Over 40 per cent of those 5 and under are stunted – meaning they are in the bottom 2 to 3 per cent of the worldwide height distribution for their age and sex – and this rate has improved only modestly since the 1990s. Childhood malnutrition, which causes stunting, blights lives; millions will be permanently affected by poor health and cognitive deficits.
You might assume that this is just about poverty, but here’s where the story gets strange: The average baby born in India is more likely to be stunted than the average baby in sub-Saharan Africa – even though the baby’s mother is more likely to survive the birth, and he or she will probably go on to live longer and be richer and more educated. Many explanations have been offered up for this “South Asian enigma”. Most recently, research reported in The New York Times has suggested that health problems associated with open defecation, which is more widespread in India than Africa, can cause children to suffer malnutrition even when they are well fed.
But this overlooks one key fact: firstborn Indian children are taller than firstborn African children. Last year, we conducted a study that used demographic and health surveys for India and 25 sub-Saharan African countries to compare heights by age in a sample of more than 174,000 children under 5. Like other researchers, we found an India-Africa height gap. Unlike other researchers, we examined how this varied by birth order within the family.
We found that the South Asian enigma begins only with the second-born child, and becomes more pronounced for each subsequent baby. Among children born third or later, 48 per cent are stunted in India versus 40 per cent in Africa, while the rates for firstborn children are 35 per cent in India versus 37 per cent in Africa. Children from the same family are most likely subject to the same external factors, like exposure to pathogens from open defecation, so there must be something else going on. We believe that the explanation is India’s deeply entrenched preference for firstborn sons.
Sima lives in a village in the Gwalior district of Madhya Pradesh, India. She was married at 14 and started having children at 15: a girl, then a boy, then a girl. She says that she ate more and took advantage of available health care during her first pregnancy to better bear the pain she expected in childbirth, but also for the good health of what she hoped would be her “future son”. During her second pregnancy, she followed the same regimen, with the exception of a shorter rest period before giving birth. During her third pregnancy, she says that she was too busy to take iron supplements.

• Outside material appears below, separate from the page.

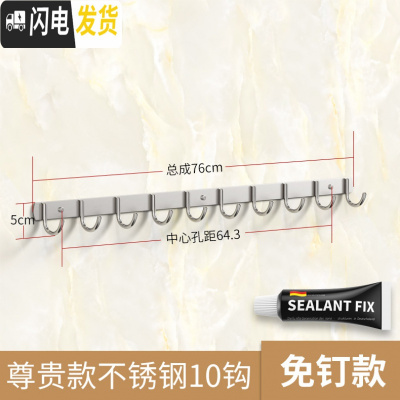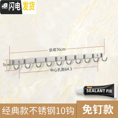 三维工匠卧室衣帽衣服架不锈钢毛巾挂钩壁挂墙壁打孔固定强力粘胶厨房排钩 粘钉两用,经典款10钩(同款)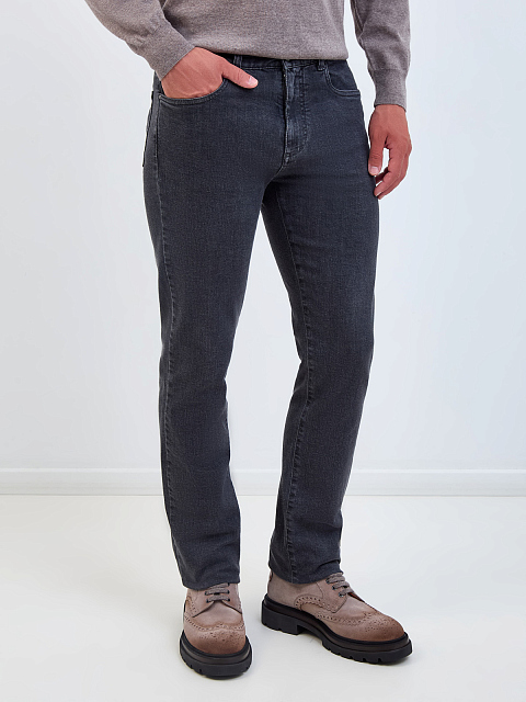 Стильные мужские джинсы в серой гамме от Canali выполнены мастерами бренда вручную. Хлопковый деним с добавлением эластичных волокон и расслабленный силуэт Regular Fit сохраняют комфорт в движении. Окрашенная в готовом виде модель приобретает характерный выбеленный эффект, расслабленный акцент в образ вносит нашивка из гладкой кожи с тиснением на поясе. Детали: контрастная прострочка швов, пять карманов. Сделано в Италии.

We presented her with a hypothetical emergency, in which she could save only one of her children. She told us she would save the boy because “the son is the lamp of the family”. This favouritism toward firstborn sons emerges before babies are even born; in fact, the India-Africa height gap is apparent at birth, and remains consistent through childhood. Families allocate inordinate resources – nutritious foods, iron supplements, tetanus shots and prenatal checkups – to a pregnant woman as long as there is a possibility that she is carrying the family’s firstborn son. Once a male heir is born, prenatal investments drop off.
In interviews we conducted in Gwalior this year, mothers freely admitted favouring their sons. And while they cited many reasons for investing less in their later pregnancies, including familiarity with the birthing process and dwindling income, their accounts strongly support the patterns we see in our data.
Interestingly, compared to their African counterparts, girls born before the family’s eldest son actually fare better than boys born after him, while girls born after the eldest son fare worst of all. As these favoured sons grow up, they continue to receive a disproportionate amount of their families’ resources. While firstborn Indian children receive, on average, one more essential childhood immunisation than their counterparts in Africa, this is not the case for their younger siblings.
It is necessary and laudable to push for improving nutrition, advancing child and maternal health, and ending open defecation in India. However, we cannot close the malnutrition gap without addressing the social norms and economic rationales that deprive girls and younger siblings of the resources they need. The fight for gender equality is a crucial part of this. Many recent policy efforts in India have focused on improving girls’ education; for these to have bite, they must be paired with efforts to equalise property ownership and job opportunities.
As long as this is the case, it will be hard to convince parents to invest in their children more equally. But if we can improve the economic prospects for India’s women, we may be able to reduce the malnutrition of their children.